(Records from a data collection)
——

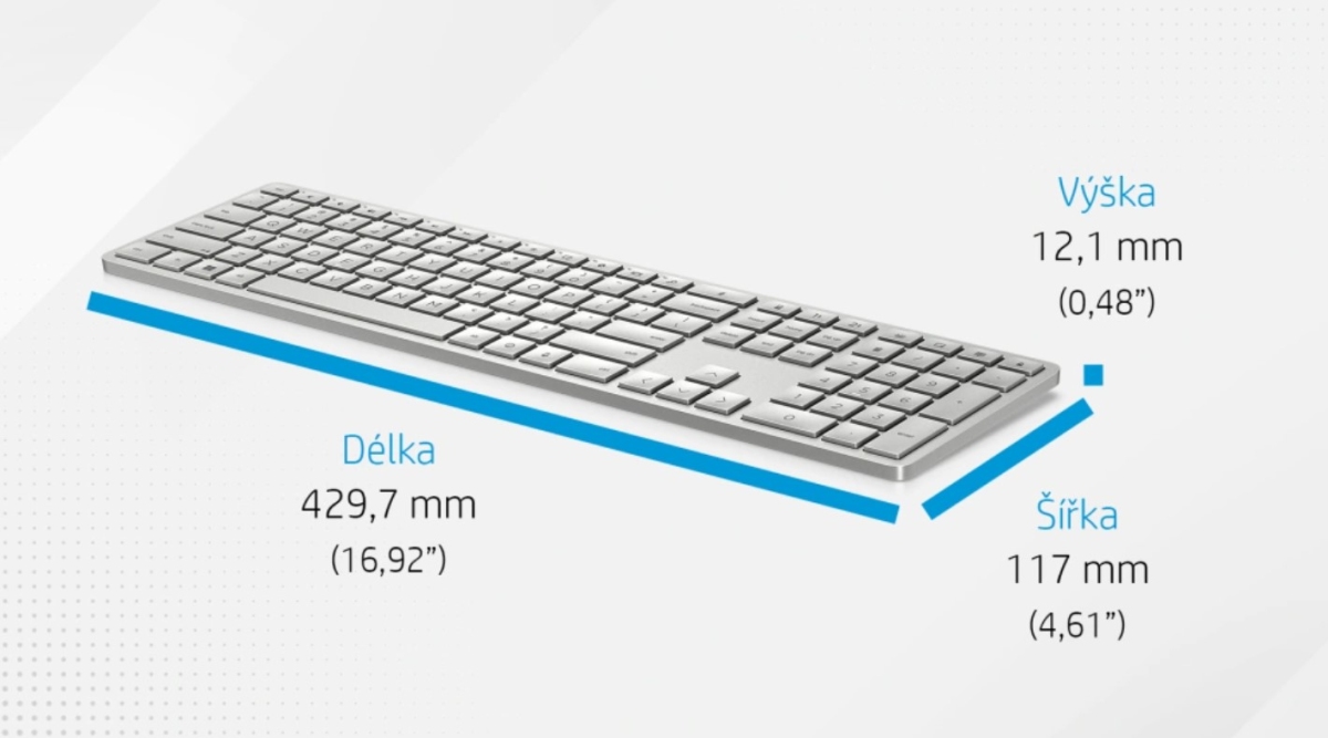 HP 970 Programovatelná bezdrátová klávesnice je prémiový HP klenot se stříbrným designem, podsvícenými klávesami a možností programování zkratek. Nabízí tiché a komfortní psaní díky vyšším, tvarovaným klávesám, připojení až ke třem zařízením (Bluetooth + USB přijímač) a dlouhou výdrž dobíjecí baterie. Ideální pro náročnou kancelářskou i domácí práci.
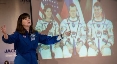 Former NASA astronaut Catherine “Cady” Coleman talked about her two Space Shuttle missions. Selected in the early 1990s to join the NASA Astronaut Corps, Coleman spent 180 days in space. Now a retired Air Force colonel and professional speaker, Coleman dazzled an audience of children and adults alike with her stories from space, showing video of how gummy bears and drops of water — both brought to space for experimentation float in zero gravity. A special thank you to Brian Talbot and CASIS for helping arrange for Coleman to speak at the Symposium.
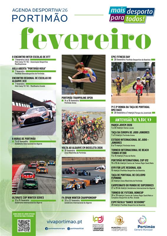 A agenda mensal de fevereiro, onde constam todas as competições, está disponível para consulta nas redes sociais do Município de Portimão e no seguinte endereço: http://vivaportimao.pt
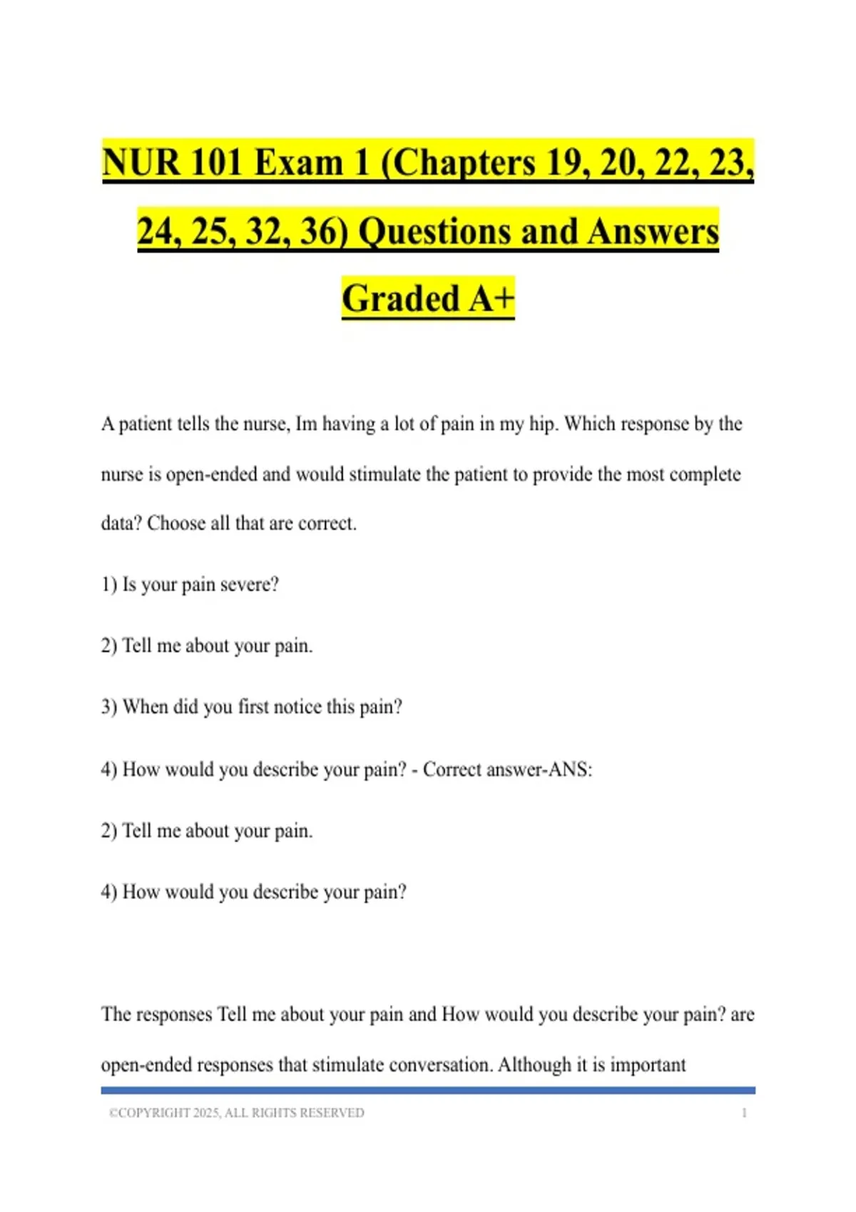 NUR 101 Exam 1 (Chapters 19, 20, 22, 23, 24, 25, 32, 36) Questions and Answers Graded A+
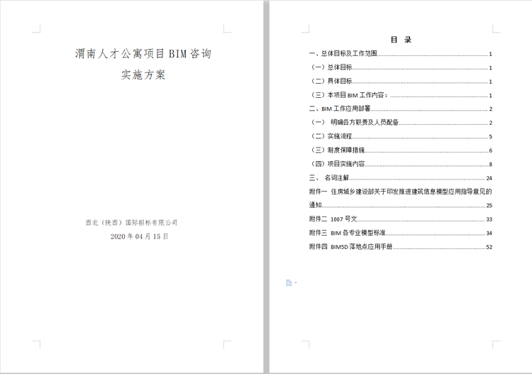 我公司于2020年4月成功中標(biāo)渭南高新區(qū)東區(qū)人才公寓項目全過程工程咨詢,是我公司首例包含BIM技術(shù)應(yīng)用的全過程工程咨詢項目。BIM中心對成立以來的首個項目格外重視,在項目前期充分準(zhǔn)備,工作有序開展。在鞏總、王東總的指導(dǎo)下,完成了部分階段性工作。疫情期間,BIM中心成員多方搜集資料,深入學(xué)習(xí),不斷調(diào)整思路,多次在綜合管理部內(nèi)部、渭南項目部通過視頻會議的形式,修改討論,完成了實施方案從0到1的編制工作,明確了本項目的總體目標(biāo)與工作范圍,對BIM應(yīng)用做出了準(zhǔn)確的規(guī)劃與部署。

——

• **TASK OBJECTIVE**: From the line with "NUR 101 Exam" down to the last line of the entries above, set down every line exactly, apart from the pictures.

• **EXERCISE RESULT**:
 NUR 101 Exam 1 (Chapters 19, 20, 22, 23, 24, 25, 32, 36) Questions and Answers Graded A+
 我公司于2020年4月成功中標(biāo)渭南高新區(qū)東區(qū)人才公寓項目全過程工程咨詢,是我公司首例包含BIM技術(shù)應(yīng)用的全過程工程咨詢項目。BIM中心對成立以來的首個項目格外重視,在項目前期充分準(zhǔn)備,工作有序開展。在鞏總、王東總的指導(dǎo)下,完成了部分階段性工作。疫情期間,BIM中心成員多方搜集資料,深入學(xué)習(xí),不斷調(diào)整思路,多次在綜合管理部內(nèi)部、渭南項目部通過視頻會議的形式,修改討論,完成了實施方案從0到1的編制工作,明確了本項目的總體目標(biāo)與工作范圍,對BIM應(yīng)用做出了準(zhǔn)確的規(guī)劃與部署。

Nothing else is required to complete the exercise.